Limburgse blauwebessentelers kunnen hun percelen niet innetten om te beschermen tegen spreeuwen. Dat hoeven ze niet aan te tonen met een afgewezen vergunning.
Rechtbank Limburg houdt in kort geding de ontheffingen in stand voor het doden van spreeuwen en het vangen en verplaatsen ervan met vangkooien. Ontheffingen zijn in het oogstseizoen 2023 ook gebruikt, maar stichtingen Fauna4Life en Animal Rights dienden daartegen bezwaarschiften in. Ze willen voorkomen dat dit jaar opnieuw van de ontheffing gebruik wordt gemaakt. Na afwijzing van de bezwaren is beroep ingesteld en een voorlopige voorziening aangevraagd. De rechter laat de ontheffingen voor de telers echter in stand.

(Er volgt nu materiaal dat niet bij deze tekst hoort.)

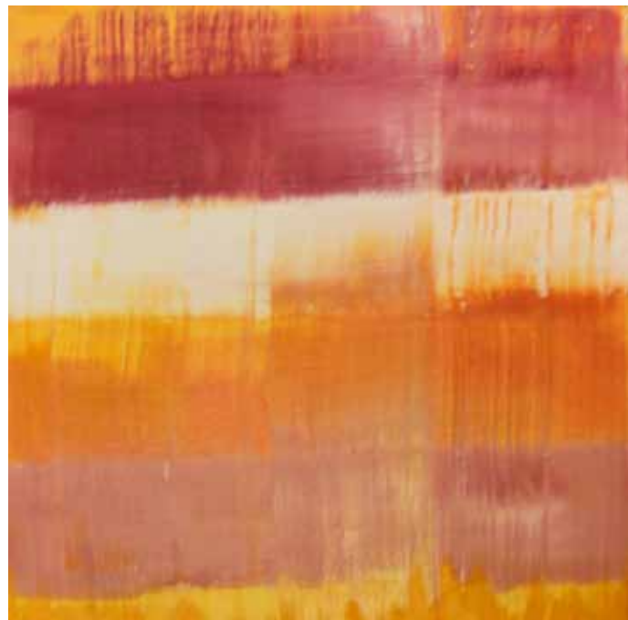
Óleo sobre lienzo 30cm x 30cm
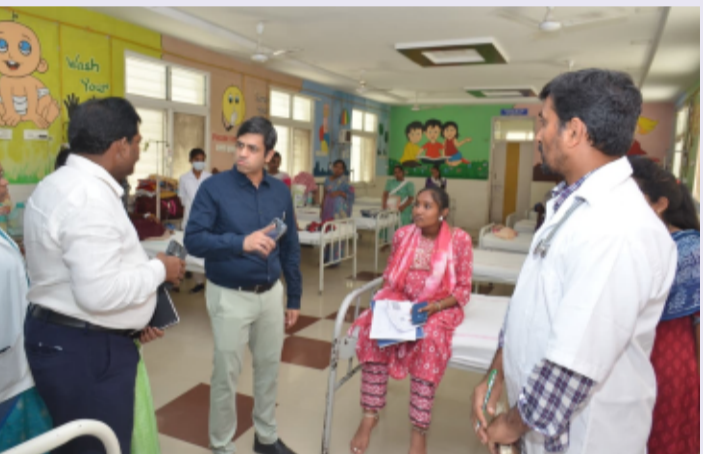
యాదాద్రి భువనగిరి తెలంగాణ పత్రిక జూన్ 17

భువనగిరి పట్టణ కేంద్రంలోని ప్ర భుత్వ జనరల్ ఆసుపత్రిని జిల్లా కలెక్టర్ సందర్శించారు. ఈ సందర్భంగా జిల్లా కలెక్టర్ ఆసుపత్రిలో ఆబా రిజిస్ట్రేషన్ చేసే విధానాన్ని స్వయంగా పరిశీలించి సంబంధిత అధికారులను తెలుసు కున్నారు. మన యాదాద్రి భువనగి రి జిల్లా మోడల్ జిల్లాగా ఎంపిక చేసినందుకు ఆయుష్మాన్ భారత్ డిజిటల్ మిషన్ లో భాగముగా ఆయుష్మాన్ భారత్ టాల్ ఎకౌంటు లో నమోదు సంఖ్య పెంచమని ఆదేశించడం జరిగింది. ఆసుపత్రిలో శానిటేషన్, బ్లడ్ బ్యాంకు, నవజాత శిశువు ప్రత్యేక సంరక్షణలో అందిస్తున్న సేవలగు రించి, బాలింత తల్లలకు, పిల్లలకు అందుతున్న సేవలు, ల్యాబ్ లో అందిస్తున్న పరీక్షల వివరాలు, టీ హాట్ లో అందుతున్న సేవల వివ రాలను కలెక్టర్ అడిగి తెలుసుకు న్నారు. ఆసుపత్రిలో పనిచేయచున్న ఉ ద్యోగుల, ల్యాబ్ టెక్నిషియన్స్ భర్తీ చేయుటకు అవకాశాలు గురించి తెలుసుకున్నారు. ఆసుపత్రి అభివృద్ధి సంఘం సమా వేశం నిర్వహించుటకు తేదీని నిర్ణ యించమని ఆదేశాలు ఇవ్వడ మైనది. ఆసుపత్రిలో డాక్టర్లు, సిబ్బంది స మయానికి వస్తున్నారా అడిగి తె లుసుకున్నారు. ఆసుపత్రికి వచ్చే రోగులకు నాణ్యమైన వైద్యం అం దించాలన్నారు. ప్రతి రోజు ఇన్ పే షెంట్, బెట్ పేషంట్ ఎంతమంది పేషంట్లు వస్తున్నారని అడిగి తెలు సుకున్నారు. ఆసుపత్రిలో ఉన్న వార్డులను పరిశీలించారు. వార్డు లో చికిత్స పొందుతున్న పేషెంట్ల ను వారికి అందుతున్న వైద్యం గురించి అడిగి తెలుసుకున్నారు. ప్రతి నెల ఎన్ని డెలివరీలు జరుగు తున్నాయని అడిగి తెలుసుకొని ప్రభుత్వ ఆసుపత్రిలో సాధారణ ప్రసవాల సంఖ్య పెరిగేలా సిబ్బంది కృషి చేయాలన్నారు. ఆసుపత్రిలో మందుల కొరత లేకుండా చూడా లన్నారు.
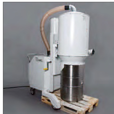
200 Liter-Fass auf Europalette
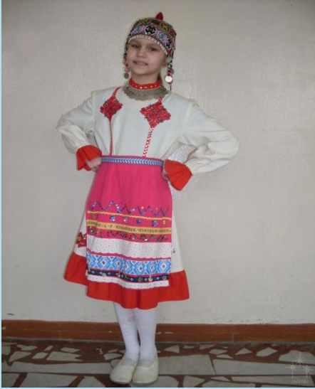
Национальный чувашский костюм
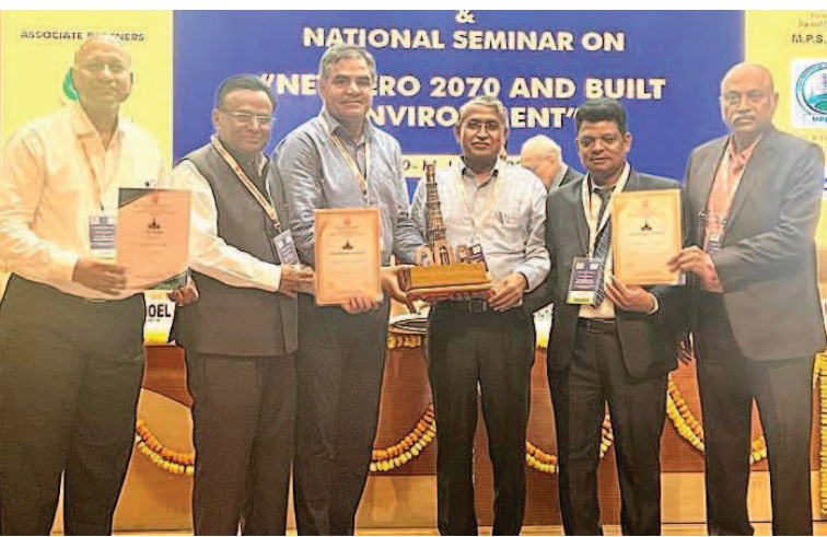
राष्ट्रीय स्तर पर सराहे गए मंडल के चारों प्रोजेक्ट्स रहे चर्चा में
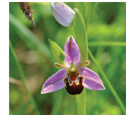
Ophrys abeille (avril à juillet)

Mais aussi : Orobanche pourpre , origan commun
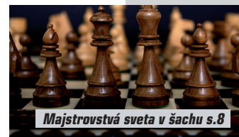
Majstrovstvá sveta v šachu s.8
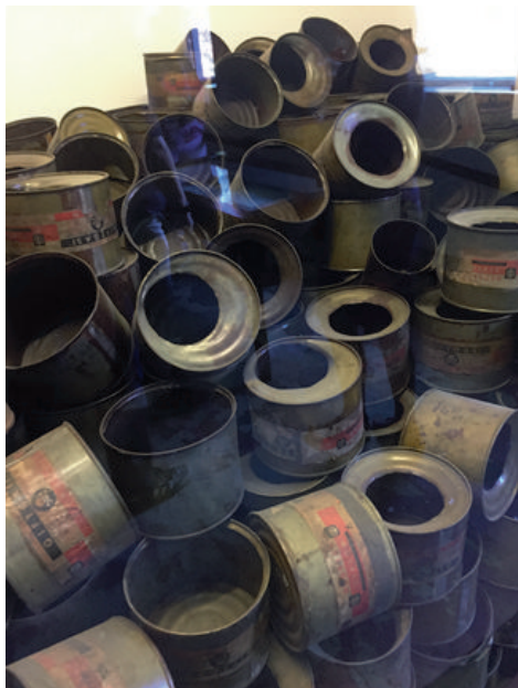
- Blikken met Zyklon B

Johan Hoesen: Deze blikken bevatten Zyklon B, een pesticide ontwikkeld in 1922. De SS Lagerführer Fritsch kwam in 1941 op het idee om het verdelingsmiddel Zyklon B in de gaskamers in te zetten. (Hij pleegde zelfmoord in mei 1945). Met één kilo Zyklon B konden 250 mensen in de gaskamers worden vermoord. De geur van de lichamen die verbrand werden was ook buiten het kamp te ruiken.
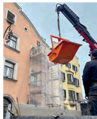
Über Kran und Treppengerüst wird Material an- und abgeliefert.
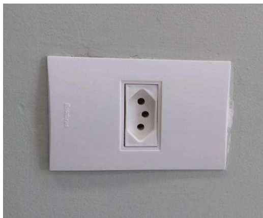
Figura 09E: Tomada 2P+T
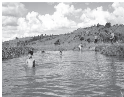
Garotos tomando Banho
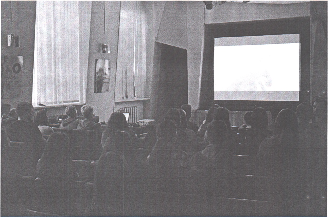
Показ анімаційних фільмів міжнародного конкурсу Linoleum-2018 у м. Миколаєві
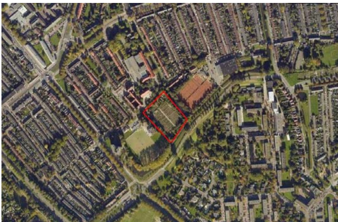
Schooltuinencomplex De Enk nabij 'Tuindorp Vreewijk'

De natuureducatieve tuin De Enk bestaat meer dan 50 jaar en ligt nabij een beschermde tuinwijk ('tuindorp' Vreewijk). Het schooltuinencomplex was van bij het begin gericht op de arbeiderswijk en is vanuit de verschillende buurten goed bereikbaar.
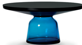
Saphir-blau sapphire blue
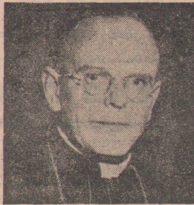
J. E. X. kard. B. Griffin

Ich Em. Ks. Kard. dr B. Griffina i dr A. Hlonda
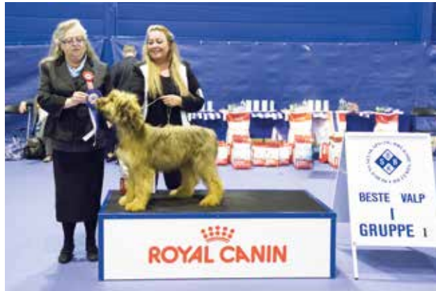
GRUPPE 1 - VALP - Dommer: Gunilla Skallman, Sverige.
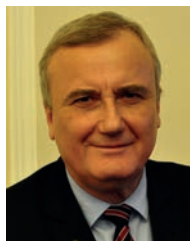
З інтерв'ю віцепрезидента Національної академії наук України академіка НАН України Анатолія Глібовича Загороднього

проблем. Поєднання цих якостей з великою вимогливістю дозволило йому згуртувати наш дружний колектив. Ми всі з великою радістю і натхненням працювали під його керівництвом. Це була унікальна людина, унікальний учений і унікальний керівник. Нам буде дуже не вистачати його. Однак ми докладатимемо всіх зусиль, щоб гідно продовжити справу всього його життя.
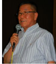
雑誌・広報 水越委員長

Landschappelijke effecten van innetting
Kernpunt is of innetten een goed alternatief is. Dan zijn de investeringskosten geen onderdeel van de afweging, maar de landschappelijke effecten van innetting. Het gemeentebestuur liet weten dat innetting niet wenselijk is. Dat is volgens de stichtingen niet genoeg om de ontheffing in stand te houden. Daarvoor zouden de telers een aanvraag voor innetting moeten indienen. Pas als deze is afgewezen, is innetting geen optie, maar de rechter gaat daar niet in mee. Volgens de rechter kun je ook niet spreken van een tijdelijke maatregel, waar soepeler regels voor bestaan. Ook met opgerolde netten is duidelijk sprake van een bouwwerk in het landschap.
Volgens de rechter is aangetoond dat het vangen en verplaatsen van verkenners, het verjagen van zwermen met akoestische en visuele middelen, ondersteund door afschot, de beste oplossing is. Het is afgewogen en effectief, oordeelt de rechter.